[Records provided]
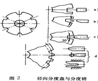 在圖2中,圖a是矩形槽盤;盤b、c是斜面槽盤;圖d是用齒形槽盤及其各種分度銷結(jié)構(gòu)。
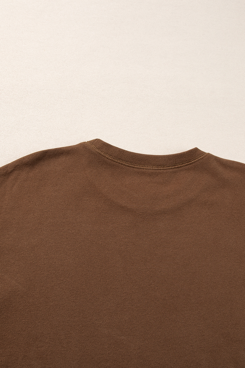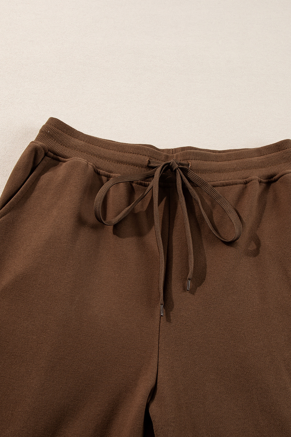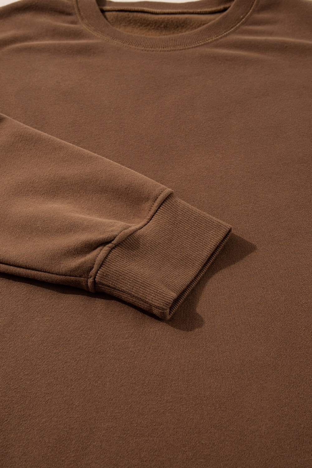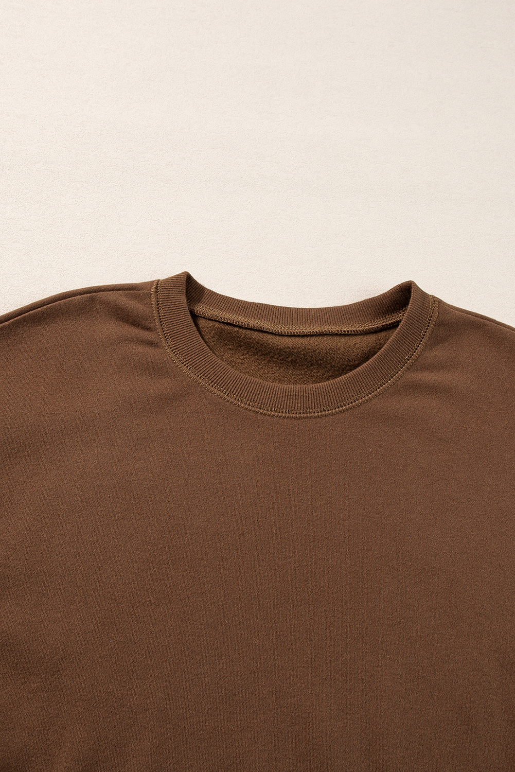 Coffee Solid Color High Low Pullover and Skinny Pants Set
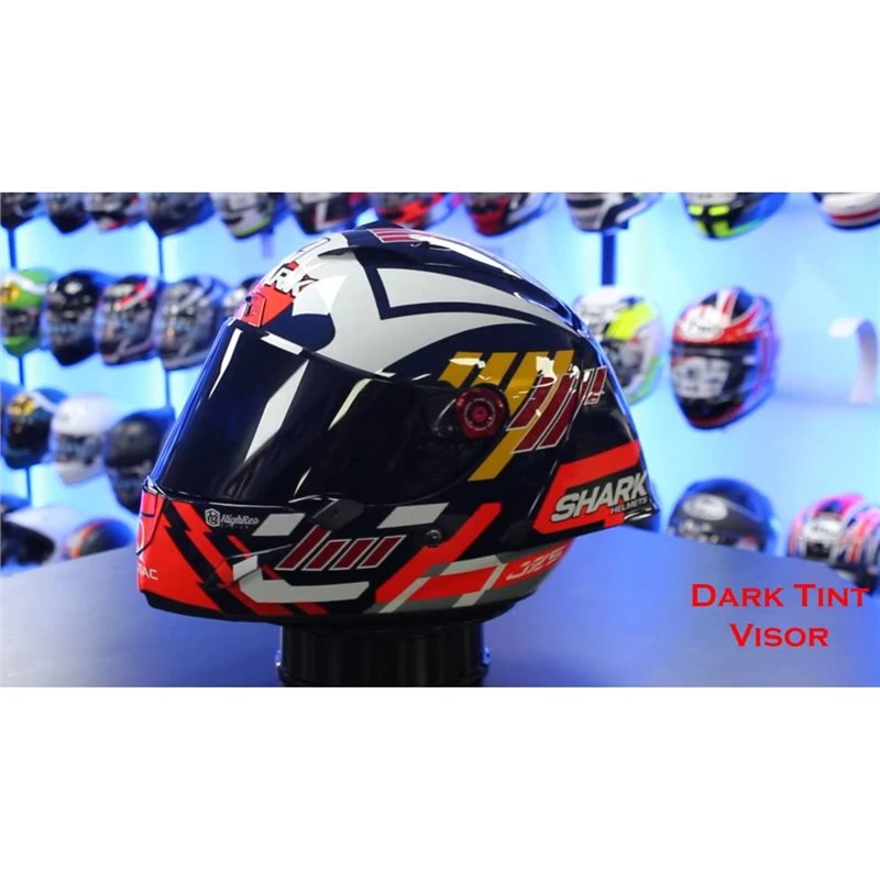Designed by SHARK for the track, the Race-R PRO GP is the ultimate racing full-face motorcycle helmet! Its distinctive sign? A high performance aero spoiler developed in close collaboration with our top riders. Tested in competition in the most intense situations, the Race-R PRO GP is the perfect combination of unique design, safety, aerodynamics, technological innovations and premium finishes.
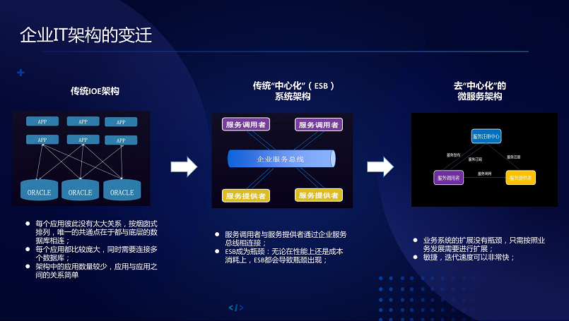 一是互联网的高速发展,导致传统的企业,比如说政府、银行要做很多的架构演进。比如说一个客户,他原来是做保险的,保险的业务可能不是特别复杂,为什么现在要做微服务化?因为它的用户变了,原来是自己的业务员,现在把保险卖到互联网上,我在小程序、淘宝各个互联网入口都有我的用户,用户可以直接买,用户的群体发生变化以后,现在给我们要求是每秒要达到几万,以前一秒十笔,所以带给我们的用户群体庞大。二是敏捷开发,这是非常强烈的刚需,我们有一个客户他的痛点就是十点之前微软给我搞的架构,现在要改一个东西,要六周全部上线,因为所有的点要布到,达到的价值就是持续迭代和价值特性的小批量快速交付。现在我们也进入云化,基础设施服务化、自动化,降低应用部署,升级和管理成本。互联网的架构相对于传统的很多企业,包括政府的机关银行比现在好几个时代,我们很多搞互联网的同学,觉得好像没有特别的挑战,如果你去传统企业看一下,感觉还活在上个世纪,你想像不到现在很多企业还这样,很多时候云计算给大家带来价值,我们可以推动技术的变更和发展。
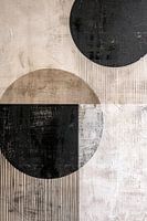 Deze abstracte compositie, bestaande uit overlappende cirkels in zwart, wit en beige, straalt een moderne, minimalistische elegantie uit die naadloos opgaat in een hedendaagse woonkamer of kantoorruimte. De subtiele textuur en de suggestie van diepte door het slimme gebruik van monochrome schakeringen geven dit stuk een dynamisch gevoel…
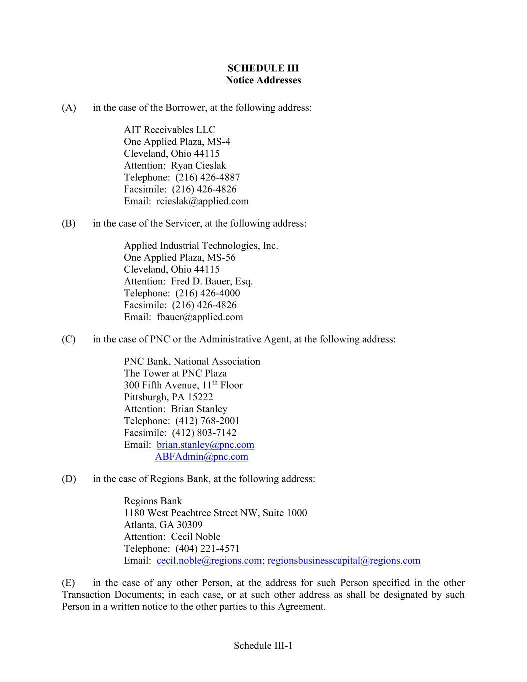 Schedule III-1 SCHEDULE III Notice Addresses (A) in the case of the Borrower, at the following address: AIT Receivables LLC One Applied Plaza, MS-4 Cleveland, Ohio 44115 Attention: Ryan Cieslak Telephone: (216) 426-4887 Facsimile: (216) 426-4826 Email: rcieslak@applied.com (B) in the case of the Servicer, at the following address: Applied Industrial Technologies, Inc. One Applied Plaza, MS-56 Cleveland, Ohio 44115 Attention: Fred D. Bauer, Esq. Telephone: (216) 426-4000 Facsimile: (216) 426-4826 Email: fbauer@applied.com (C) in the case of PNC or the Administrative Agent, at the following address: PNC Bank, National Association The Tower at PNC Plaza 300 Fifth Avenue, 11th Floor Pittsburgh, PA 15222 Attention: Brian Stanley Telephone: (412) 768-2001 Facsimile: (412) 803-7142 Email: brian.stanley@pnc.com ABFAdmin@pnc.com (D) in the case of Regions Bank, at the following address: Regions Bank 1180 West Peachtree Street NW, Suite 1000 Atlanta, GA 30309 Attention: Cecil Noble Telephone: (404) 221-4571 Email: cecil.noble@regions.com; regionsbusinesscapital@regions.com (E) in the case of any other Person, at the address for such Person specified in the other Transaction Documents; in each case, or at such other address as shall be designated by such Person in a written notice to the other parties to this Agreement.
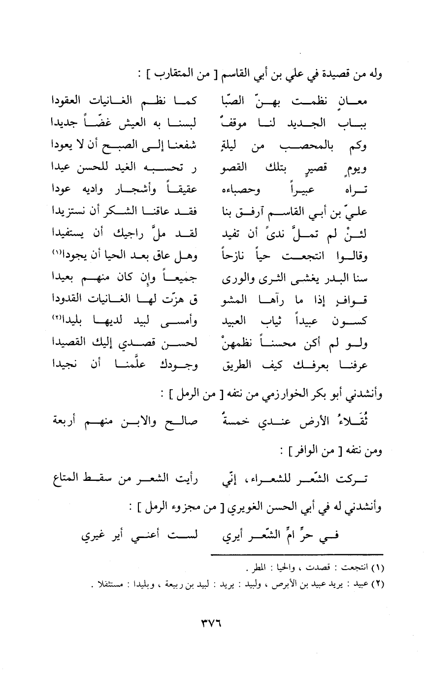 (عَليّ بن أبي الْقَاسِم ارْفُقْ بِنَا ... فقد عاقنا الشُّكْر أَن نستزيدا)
[/Records provided]
* Task to carry out *
In your copy, exclude the pictures and repeat each entry above exactly.

* The answer *
 在圖2中,圖a是矩形槽盤;盤b、c是斜面槽盤;圖d是用齒形槽盤及其各種分度銷結(jié)構(gòu)。
 Coffee Solid Color High Low Pullover and Skinny Pants Set
Designed by SHARK for the track, the Race-R PRO GP is the ultimate racing full-face motorcycle helmet! Its distinctive sign? A high performance aero spoiler developed in close collaboration with our top riders. Tested in competition in the most intense situations, the Race-R PRO GP is the perfect combination of unique design, safety, aerodynamics, technological innovations and premium finishes.
 一是互联网的高速发展,导致传统的企业,比如说政府、银行要做很多的架构演进。比如说一个客户,他原来是做保险的,保险的业务可能不是特别复杂,为什么现在要做微服务化?因为它的用户变了,原来是自己的业务员,现在把保险卖到互联网上,我在小程序、淘宝各个互联网入口都有我的用户,用户可以直接买,用户的群体发生变化以后,现在给我们要求是每秒要达到几万,以前一秒十笔,所以带给我们的用户群体庞大。二是敏捷开发,这是非常强烈的刚需,我们有一个客户他的痛点就是十点之前微软给我搞的架构,现在要改一个东西,要六周全部上线,因为所有的点要布到,达到的价值就是持续迭代和价值特性的小批量快速交付。现在我们也进入云化,基础设施服务化、自动化,降低应用部署,升级和管理成本。互联网的架构相对于传统的很多企业,包括政府的机关银行比现在好几个时代,我们很多搞互联网的同学,觉得好像没有特别的挑战,如果你去传统企业看一下,感觉还活在上个世纪,你想像不到现在很多企业还这样,很多时候云计算给大家带来价值,我们可以推动技术的变更和发展。
 Deze abstracte compositie, bestaande uit overlappende cirkels in zwart, wit en beige, straalt een moderne, minimalistische elegantie uit die naadloos opgaat in een hedendaagse woonkamer of kantoorruimte. De subtiele textuur en de suggestie van diepte door het slimme gebruik van monochrome schakeringen geven dit stuk een dynamisch gevoel…
 Schedule III-1 SCHEDULE III Notice Addresses (A) in the case of the Borrower, at the following address: AIT Receivables LLC One Applied Plaza, MS-4 Cleveland, Ohio 44115 Attention: Ryan Cieslak Telephone: (216) 426-4887 Facsimile: (216) 426-4826 Email: rcieslak@applied.com (B) in the case of the Servicer, at the following address: Applied Industrial Technologies, Inc. One Applied Plaza, MS-56 Cleveland, Ohio 44115 Attention: Fred D. Bauer, Esq. Telephone: (216) 426-4000 Facsimile: (216) 426-4826 Email: fbauer@applied.com (C) in the case of PNC or the Administrative Agent, at the following address: PNC Bank, National Association The Tower at PNC Plaza 300 Fifth Avenue, 11th Floor Pittsburgh, PA 15222 Attention: Brian Stanley Telephone: (412) 768-2001 Facsimile: (412) 803-7142 Email: brian.stanley@pnc.com ABFAdmin@pnc.com (D) in the case of Regions Bank, at the following address: Regions Bank 1180 West Peachtree Street NW, Suite 1000 Atlanta, GA 30309 Attention: Cecil Noble Telephone: (404) 221-4571 Email: cecil.noble@regions.com; regionsbusinesscapital@regions.com (E) in the case of any other Person, at the address for such Person specified in the other Transaction Documents; in each case, or at such other address as shall be designated by such Person in a written notice to the other parties to this Agreement.
 (عَليّ بن أبي الْقَاسِم ارْفُقْ بِنَا ... فقد عاقنا الشُّكْر أَن نستزيدا)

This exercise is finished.